▶ [What you are asked to do]
Could you copy exactly the lines below, beginning at the line with "(代表刮刮樂 金磚帝國 ~超級777等通用號)!" and stopping after the line with "La sangle abdominale", with no pictures?

▶ [Data for analysis]
· · ·

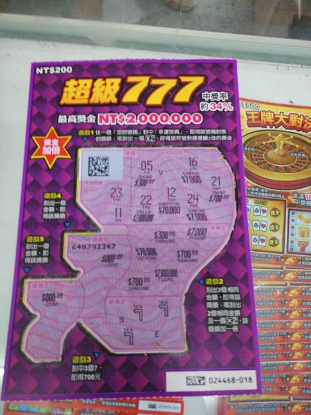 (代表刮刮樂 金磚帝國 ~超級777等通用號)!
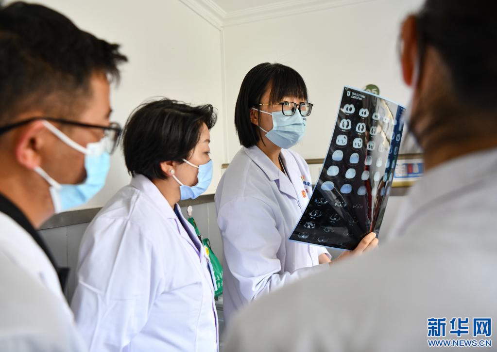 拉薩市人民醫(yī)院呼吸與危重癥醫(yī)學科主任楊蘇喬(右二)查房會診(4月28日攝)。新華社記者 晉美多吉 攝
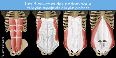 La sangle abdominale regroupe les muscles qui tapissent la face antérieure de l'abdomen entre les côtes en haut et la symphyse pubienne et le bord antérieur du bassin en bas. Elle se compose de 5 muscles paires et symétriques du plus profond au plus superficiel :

· · ·

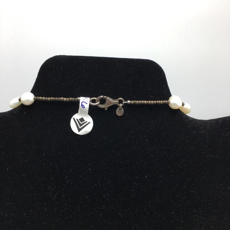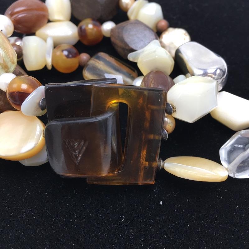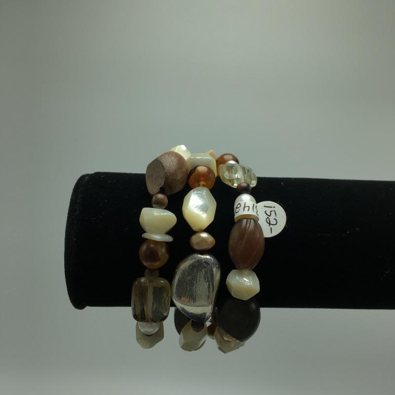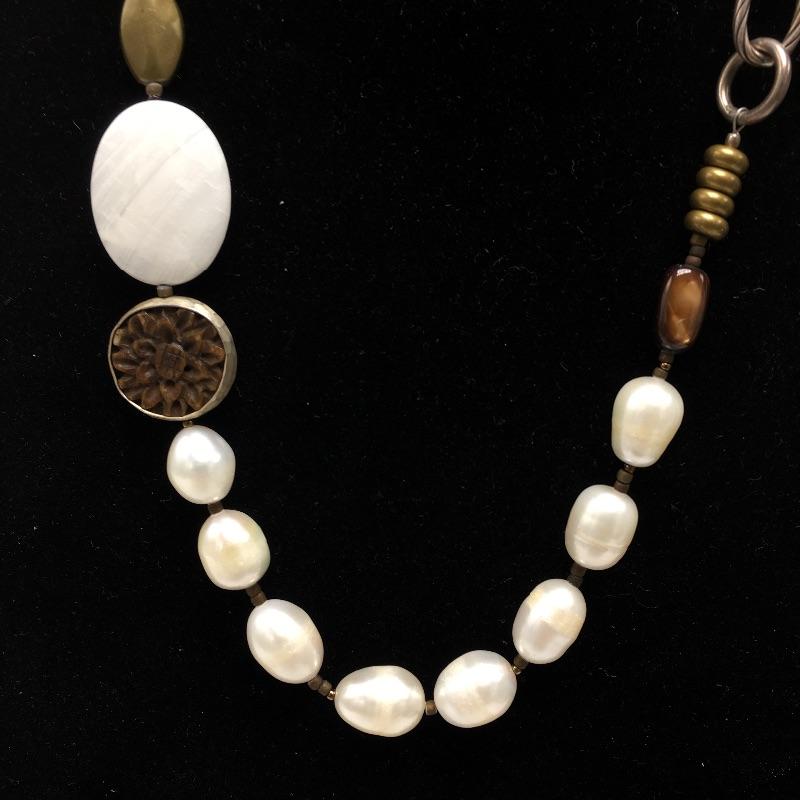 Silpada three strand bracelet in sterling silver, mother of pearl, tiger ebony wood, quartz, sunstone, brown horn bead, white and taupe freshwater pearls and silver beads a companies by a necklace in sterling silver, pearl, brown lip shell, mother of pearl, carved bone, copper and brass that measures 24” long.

· · ·

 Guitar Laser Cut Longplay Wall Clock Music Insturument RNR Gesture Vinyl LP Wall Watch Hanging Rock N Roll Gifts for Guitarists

· · ·

▶ [Solution below]
 (代表刮刮樂 金磚帝國 ~超級777等通用號)!
 拉薩市人民醫(yī)院呼吸與危重癥醫(yī)學科主任楊蘇喬(右二)查房會診(4月28日攝)。新華社記者 晉美多吉 攝
 La sangle abdominale regroupe les muscles qui tapissent la face antérieure de l'abdomen entre les côtes en haut et la symphyse pubienne et le bord antérieur du bassin en bas. Elle se compose de 5 muscles paires et symétriques du plus profond au plus superficiel :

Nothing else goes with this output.